Place Bou Jeloud (also spelled Boujloud or Bu Jeloud), also known as Place Pacha el-Baghdadi, is a large public square in Fes, Morocco, located west of Bab Bou Jeloud gate.

== Name ==
Bou Jeloud, the square's historical name, is also associated with the former kasbah (citadel) on its southern side and to the famous city gate to its east today. The name "Bou Jeloud" (or Bou Jloud) is reportedly a vernacular corruption of the expression Abu al-Junud ("father of the troops"), referring to a military parade ground.

Today the square is also named after Pasha Si Mohammed Ben Bouchta El Baghdadi, the officer who was placed in charge of Fes during the first 20 years of the French Protectorate between 1912 and his death in 1932.
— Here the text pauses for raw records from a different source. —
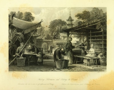 銅版畫《江南婦女繅絲》,1843年收錄于英國版畫家阿隆姆出版的有關(guān)中國的銅版畫集中。畫家未到過蘇州,而是根據(jù)別人的描述加以想象創(chuàng)作。
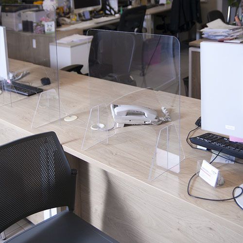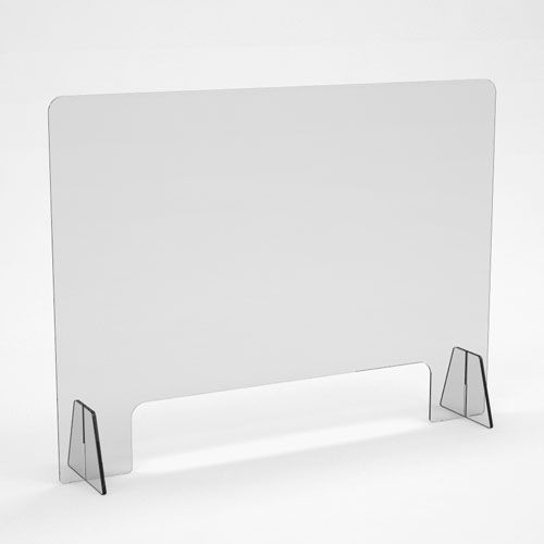 Защитный экран, для кассы, стола, прилавка. Экран состоит из плоской части с окном в нижней части экрана и ножек которые устанавливаются в пазы плоской части, поставляется в разобранном виде. Экран изготавливается из ударопрочного поликарбоната. В комплект входит двухсторонний скотч 3M, для более надежной фиксации экрана к плоскости. Упаковано в картон поштучно.
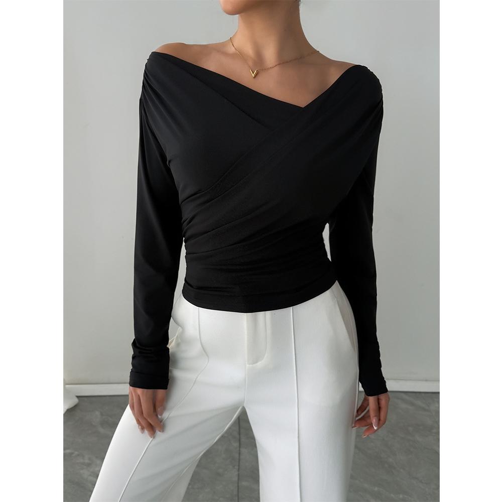 Женские топы с одним открытым плечом, длинным рукавом, драпировкой, асимметричным вырезом, облегающего кроя, Y2K-рубашка — купить товар онлайн с бесплатной доставкой по всему миру!
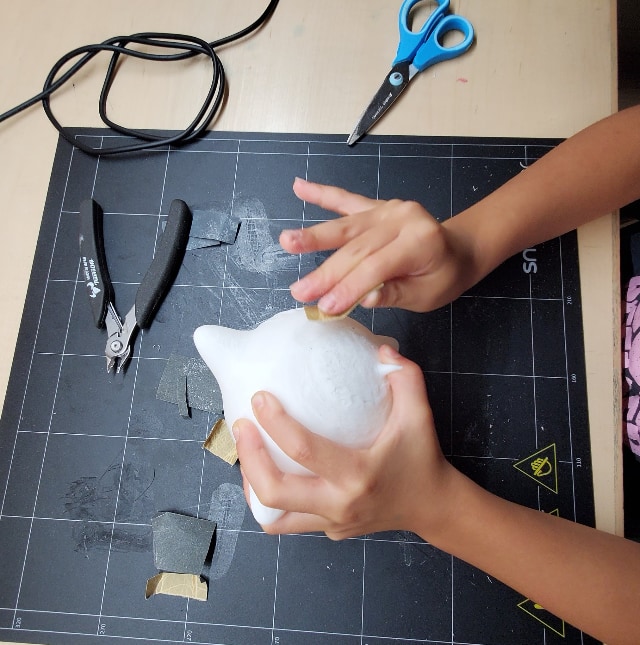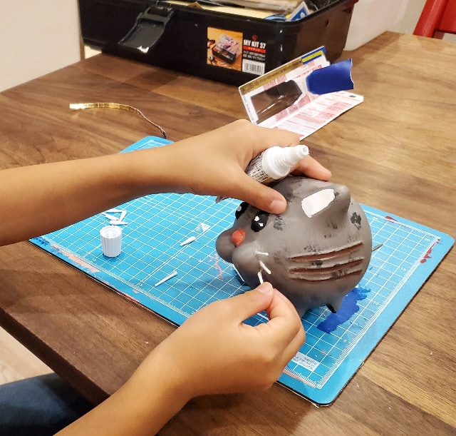 ヤスリで磨いたり、色塗ったり、ヒゲを接着剤でつけたり。なかなか大変そうでしたが楽しく頑張ってました。 pic.twitter.com/pwFMbj9FZk
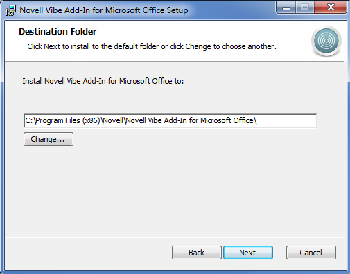 Browse to the location where you want to install the Vibe Add-in, or accept the default location, then click .
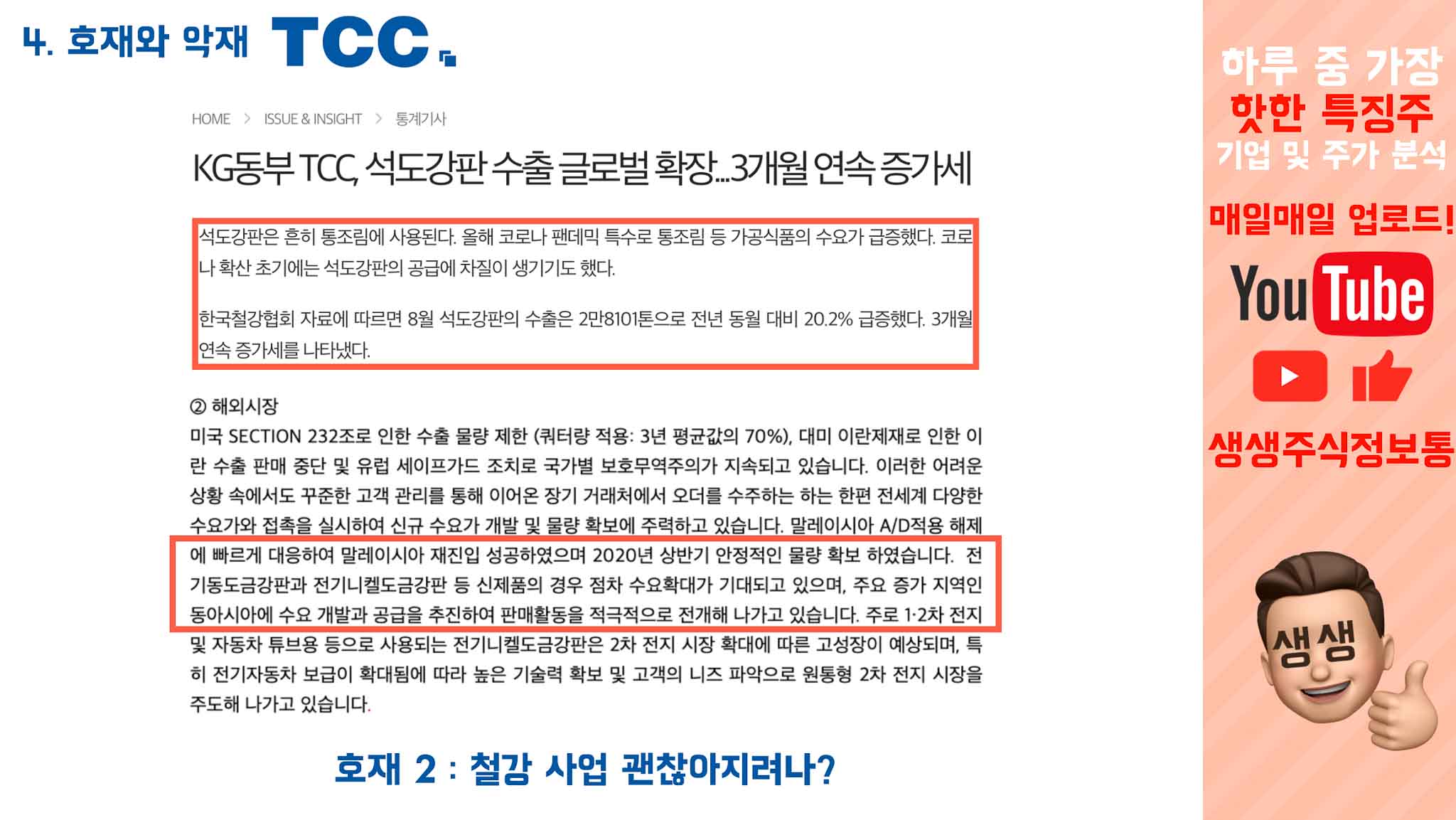 그리고 석도강판은 KG동부와 TCC스틸, 신화실업이 내수시장과 수출을 이끄는 3개 기업인데,

== Historical background ==
The square likely dates from the Almohad period (early 13th century) when most of the surrounding fortifications were constructed by Muhammad al-Nasir. It was originally used as military parade ground and staging area but was also used as a camping ground for caravans and as a promenade and entertainment ground in the evenings. On the south side of the square was the Kasbah Bou Jeloud, a formerly walled compound that was occupied by the authorities and by the governor of Fes from the Almohad period to the 20th century, but which today is a common neighbourhood.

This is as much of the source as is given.